Department of Gastroenterology, West District of Qingdao Municipal Hospital, Qingdao 266000, Shandong, China.
Internal Medicine, Songshan Hospital of Medical College of Qingdao University, Qingdao 266000, Shandong, China.
J Healthc Eng. 2021 Jun 16;2021:9996565. doi: 10.1155/2021/9996565. eCollection 2021.
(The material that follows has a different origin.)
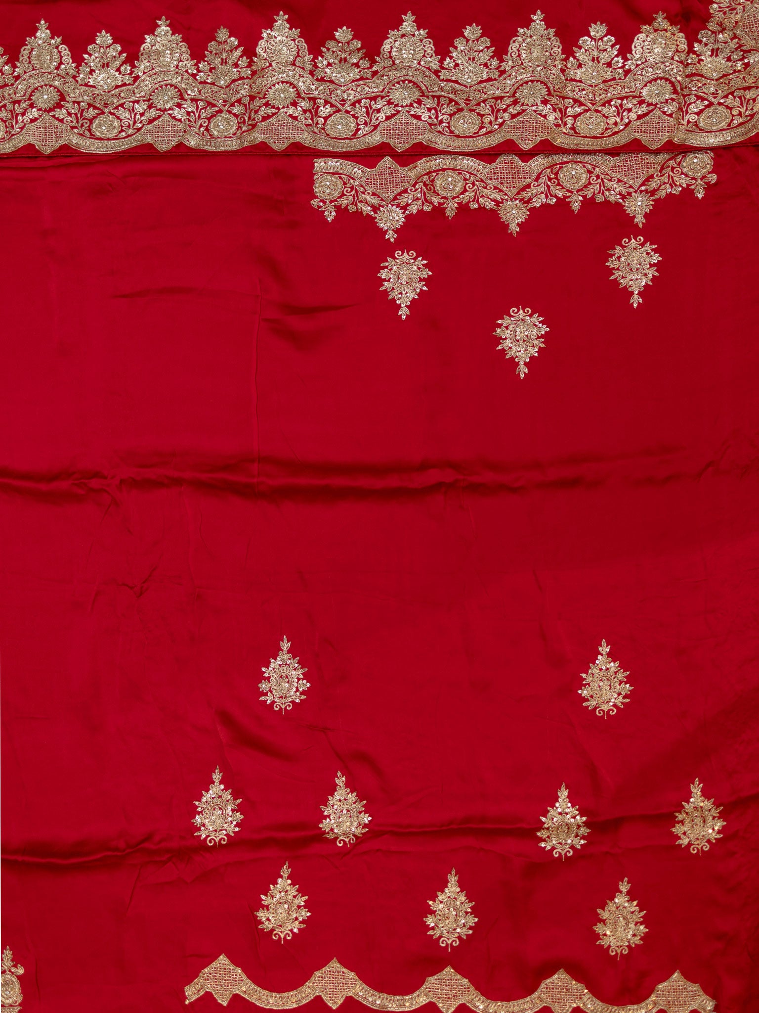 Elevate your wardrobe with this exquisite Fancy Crepe Hand Work + Butta (Zardosi) in vibrant red. Crafted with intricate hand embroidery and delicate Zardosi butta, this piece combines traditional artistry with luxurious fabric for a stunning look. Perfect for special occasions, it offers both elegance and comfort, making you stand out effortlessly. Add a touch of timeless charm to your collection with this beautifully detailed creation.

With the advancement and development of medical equipment, CT images have become a common lung examination tool. This article mainly studies the application of CT imaging examination based on virtual reality analysis in the clinical diagnosis of gastrointestinal stromal tumors. Before extracting suspected lymph nodes from a CT image of the stomach, the CT image sequence is preprocessed first, which can reduce the cumbersomeness of subsequent extraction of suspected lymph nodes and speed up the subsequent processing. According to medical knowledge, CT images of the stomach show that lymph nodes mainly exist in the adipose tissue around the gastric wall, but there are no lymph nodes in the subcutaneous fat outside the chest. The most basic gray value in the image and the neighborhood average difference feature related to gray level are used as the primary features of visual attention detection. When extracting the neighborhood average difference feature, we use a 3 3 sliding window method to traverse each point of the pixel matrix in the image, thereby calculating the feature value of each pixel in the image. After the feature extraction is completed, it is necessary to calibrate the data and make a training data set. The SP immunohistochemical staining method was used. The specimens were fixed with 10% formaldehyde, routinely embedded in paraffin, sectioned, and stained with HE. The tumor tissue was determined by immunohistochemistry, and the reagents were products of Maixin Company. All patients were followed up by regular outpatient review, letters, and visits or phone calls. The data showed that immunohistochemical tumor cells showed positive staining for CD117 (14/15, 93.3%) and CD34 (10/15, 66.7%). The results show that the application of virtual reality technology to CT imaging examination can significantly improve the diagnostic accuracy of gastrointestinal stromal tumors.
随着医疗设备的进步和发展,CT 图像已成为一种常见的肺部检查工具。本文主要研究基于虚拟现实分析的 CT 成像检查在胃肠道间质瘤临床诊断中的应用。在从胃部 CT 图像中提取可疑淋巴结之前,首先对 CT 图像序列进行预处理,这可以减少后续提取可疑淋巴结的繁琐程度,并加快后续处理速度。根据医学知识,胃部 CT 图像显示,淋巴结主要存在于胃壁周围的脂肪组织中,但胸部以外的皮下脂肪中没有淋巴结。图像中最基本的灰度值和与灰度级相关的邻域平均差特征被用作视觉注意检测的主要特征。在提取邻域平均差特征时,我们使用 3 3 滑动窗口方法遍历图像中像素矩阵的每个点,从而计算图像中每个像素的特征值。完成特征提取后,需要对数据进行校准并制作训练数据集。采用 SP 免疫组织化学染色法。标本用 10%甲醛固定,常规石蜡包埋,切片,HE 染色。免疫组织化学法确定肿瘤组织,试剂为迈新公司产品。所有患者均通过定期门诊复查、信件、访问或电话进行随访。数据显示,免疫组化肿瘤细胞 CD117(14/15,93.3%)和 CD34(10/15,66.7%)阳性染色。结果表明,虚拟现实技术在 CT 成像检查中的应用可以显著提高胃肠道间质瘤的诊断准确性。